# YOUR INSTRUCTIONS
Give back exactly the lines of the entries below from the line with "Тропикалгин – это" to the line with "La fecha de", inclusive, and only those.

※ ※ ※

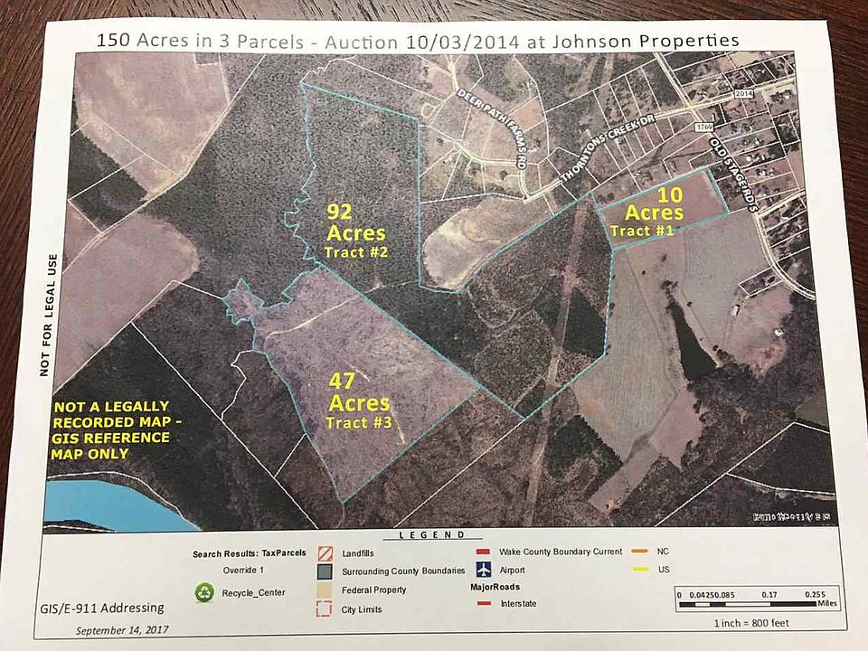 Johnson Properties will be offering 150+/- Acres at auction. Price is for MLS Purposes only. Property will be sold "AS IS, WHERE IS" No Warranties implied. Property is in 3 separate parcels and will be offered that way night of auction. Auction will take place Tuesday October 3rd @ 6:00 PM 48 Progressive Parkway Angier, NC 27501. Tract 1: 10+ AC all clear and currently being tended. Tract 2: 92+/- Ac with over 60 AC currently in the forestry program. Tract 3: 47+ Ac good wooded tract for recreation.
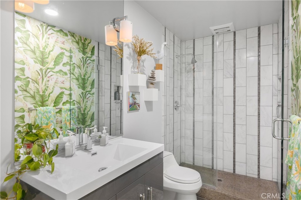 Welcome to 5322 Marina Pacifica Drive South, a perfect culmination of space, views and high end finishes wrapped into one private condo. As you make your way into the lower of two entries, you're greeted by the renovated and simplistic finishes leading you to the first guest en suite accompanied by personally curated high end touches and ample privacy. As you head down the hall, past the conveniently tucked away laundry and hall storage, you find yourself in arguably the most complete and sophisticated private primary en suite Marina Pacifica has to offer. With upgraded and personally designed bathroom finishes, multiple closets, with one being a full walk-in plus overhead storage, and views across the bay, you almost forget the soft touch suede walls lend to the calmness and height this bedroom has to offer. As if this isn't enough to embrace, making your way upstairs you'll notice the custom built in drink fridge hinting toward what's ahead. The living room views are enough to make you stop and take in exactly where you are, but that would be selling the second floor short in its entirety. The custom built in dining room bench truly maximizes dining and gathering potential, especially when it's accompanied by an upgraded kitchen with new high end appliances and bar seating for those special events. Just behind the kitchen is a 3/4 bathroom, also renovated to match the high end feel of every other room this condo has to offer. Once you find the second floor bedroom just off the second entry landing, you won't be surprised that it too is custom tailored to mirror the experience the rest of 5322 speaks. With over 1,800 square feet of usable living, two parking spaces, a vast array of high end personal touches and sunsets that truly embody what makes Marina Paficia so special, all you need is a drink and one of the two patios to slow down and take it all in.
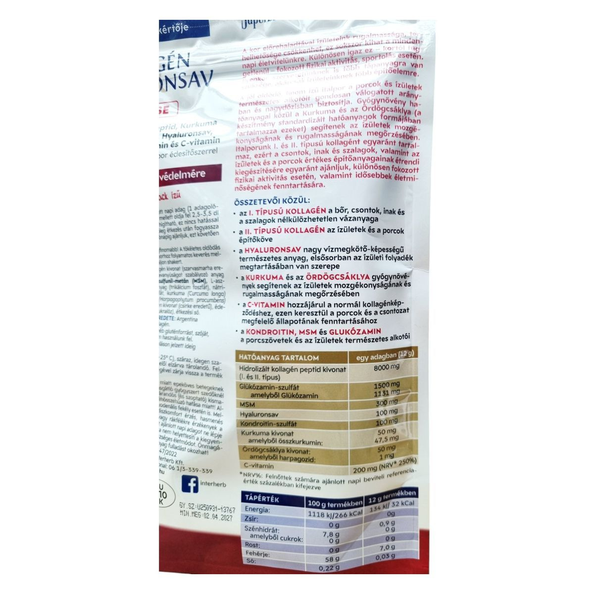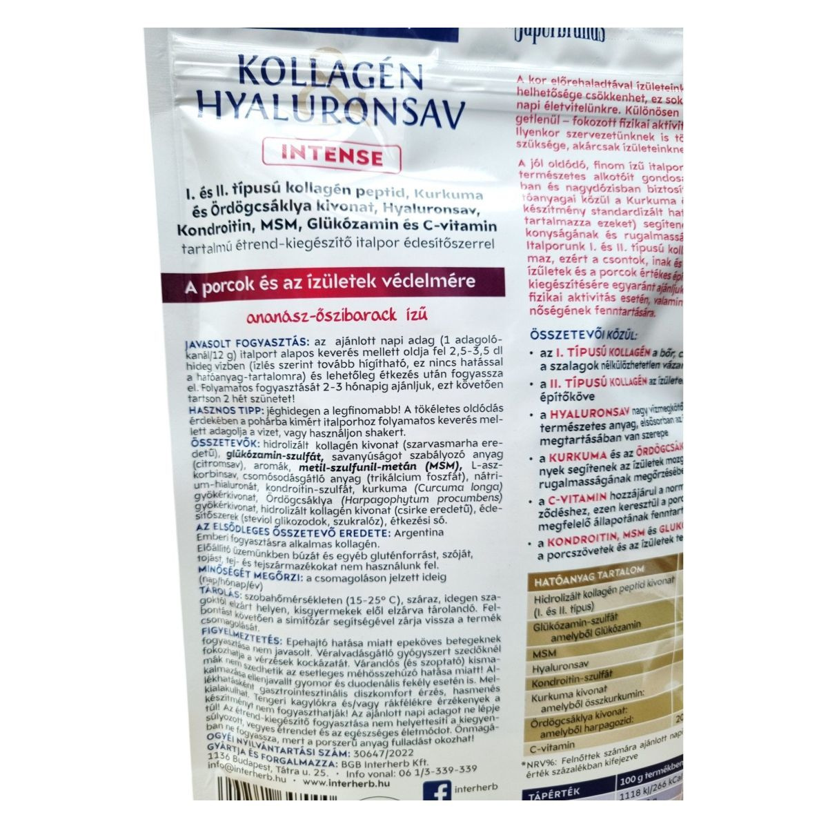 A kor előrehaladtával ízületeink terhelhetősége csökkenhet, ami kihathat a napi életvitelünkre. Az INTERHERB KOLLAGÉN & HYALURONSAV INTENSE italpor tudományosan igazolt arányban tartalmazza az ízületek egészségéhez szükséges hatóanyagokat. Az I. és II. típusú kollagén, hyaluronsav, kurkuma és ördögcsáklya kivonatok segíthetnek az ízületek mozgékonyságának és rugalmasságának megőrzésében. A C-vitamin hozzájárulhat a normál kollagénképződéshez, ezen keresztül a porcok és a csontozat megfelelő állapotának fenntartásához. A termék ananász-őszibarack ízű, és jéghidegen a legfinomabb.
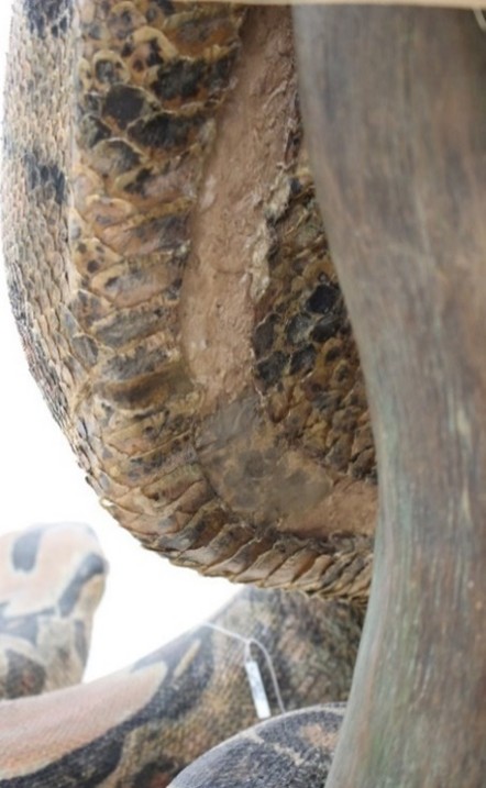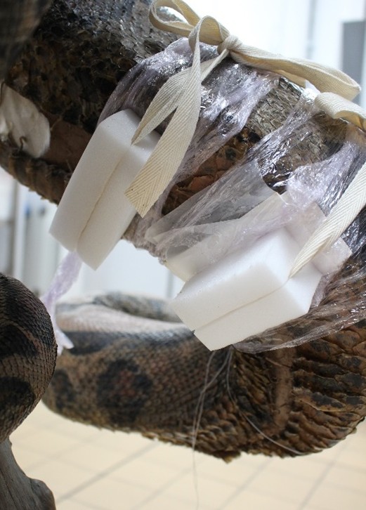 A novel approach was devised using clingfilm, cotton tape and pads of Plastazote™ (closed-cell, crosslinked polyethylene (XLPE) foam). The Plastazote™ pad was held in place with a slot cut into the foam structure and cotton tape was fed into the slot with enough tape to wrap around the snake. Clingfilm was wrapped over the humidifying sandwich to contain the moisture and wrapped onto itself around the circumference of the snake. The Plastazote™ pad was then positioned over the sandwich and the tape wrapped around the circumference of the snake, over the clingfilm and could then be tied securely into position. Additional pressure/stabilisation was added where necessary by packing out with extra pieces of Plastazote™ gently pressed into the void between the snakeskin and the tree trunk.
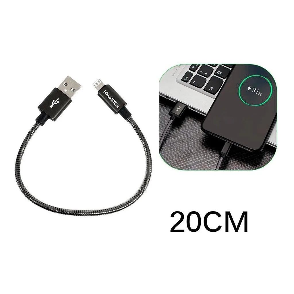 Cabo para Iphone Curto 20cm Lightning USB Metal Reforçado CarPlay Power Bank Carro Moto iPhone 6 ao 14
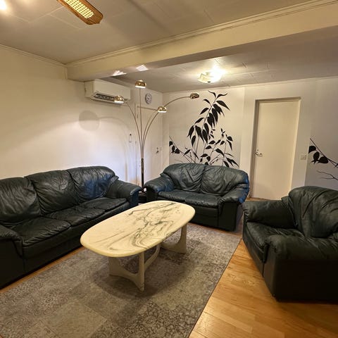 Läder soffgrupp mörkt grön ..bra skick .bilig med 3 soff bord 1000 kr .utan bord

※ ※ ※

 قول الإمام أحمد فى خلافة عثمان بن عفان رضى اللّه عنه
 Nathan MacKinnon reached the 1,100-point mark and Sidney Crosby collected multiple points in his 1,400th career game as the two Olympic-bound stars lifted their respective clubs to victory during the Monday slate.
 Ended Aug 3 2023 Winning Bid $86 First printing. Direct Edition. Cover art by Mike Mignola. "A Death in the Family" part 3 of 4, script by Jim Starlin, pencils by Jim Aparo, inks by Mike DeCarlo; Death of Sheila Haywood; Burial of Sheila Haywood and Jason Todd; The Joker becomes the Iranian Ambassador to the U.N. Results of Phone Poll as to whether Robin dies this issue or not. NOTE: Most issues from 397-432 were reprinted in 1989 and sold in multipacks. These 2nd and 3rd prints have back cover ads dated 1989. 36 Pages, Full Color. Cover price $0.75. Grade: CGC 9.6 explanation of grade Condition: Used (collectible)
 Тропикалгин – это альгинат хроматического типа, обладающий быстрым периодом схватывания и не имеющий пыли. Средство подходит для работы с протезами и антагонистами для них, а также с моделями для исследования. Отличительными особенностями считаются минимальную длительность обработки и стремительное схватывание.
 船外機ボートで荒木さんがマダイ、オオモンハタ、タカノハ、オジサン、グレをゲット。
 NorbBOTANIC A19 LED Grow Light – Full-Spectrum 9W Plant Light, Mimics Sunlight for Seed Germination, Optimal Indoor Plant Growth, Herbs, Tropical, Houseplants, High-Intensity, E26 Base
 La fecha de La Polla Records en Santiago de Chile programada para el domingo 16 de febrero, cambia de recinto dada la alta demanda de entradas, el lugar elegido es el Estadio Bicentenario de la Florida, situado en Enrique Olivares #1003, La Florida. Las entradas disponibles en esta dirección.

※ ※ ※

# TASK OUTPUT
 Тропикалгин – это альгинат хроматического типа, обладающий быстрым периодом схватывания и не имеющий пыли. Средство подходит для работы с протезами и антагонистами для них, а также с моделями для исследования. Отличительными особенностями считаются минимальную длительность обработки и стремительное схватывание.
 船外機ボートで荒木さんがマダイ、オオモンハタ、タカノハ、オジサン、グレをゲット。
 NorbBOTANIC A19 LED Grow Light – Full-Spectrum 9W Plant Light, Mimics Sunlight for Seed Germination, Optimal Indoor Plant Growth, Herbs, Tropical, Houseplants, High-Intensity, E26 Base
 La fecha de La Polla Records en Santiago de Chile programada para el domingo 16 de febrero, cambia de recinto dada la alta demanda de entradas, el lugar elegido es el Estadio Bicentenario de la Florida, situado en Enrique Olivares #1003, La Florida. Las entradas disponibles en esta dirección.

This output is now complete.